191101-16:56:57,342 nipype.workflow INFO:
         [Node] Setting-up "_t1w_conform_xfm1" in "/home/oesteban/tmp/dmriprep-THP002/work/dmriprep_wf/single_subject_THP0005_wf/anat_preproc_wf/anat_template_wf/t1w_conform_xfm/mapflow/_t1w_conform_xfm1".

This is happening running sMRIPrep from dMRIPrep on a local installation of nipype on the branch of #3075 .

This is on a fresh work directory.
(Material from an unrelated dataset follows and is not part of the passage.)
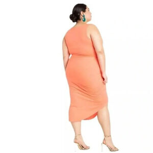 Eloquii Peach Coral Side Ruched Sundress Midi Dress Women’s Plus Size 20 NWT

If I reuse the old workdir, then MultiProc preempt running it again (only once).

satra commented 4 years ago

mapnodes have always done that for any distributed plugin. they first insert all the subnodes, then insert the parent node as a dependency of these subnodes. when the parent node re-executes, it checks all the subnodes once more, but at this point they shouldn't run because they have been cached.

oesteban commented 4 years ago

Okay, that's reassuring in the sense that we did not introduce this during a refactor - but my expectation about having found a potential lead is now gone :P

satra commented 4 years ago

@oesteban - do you know if #3089 resolved this?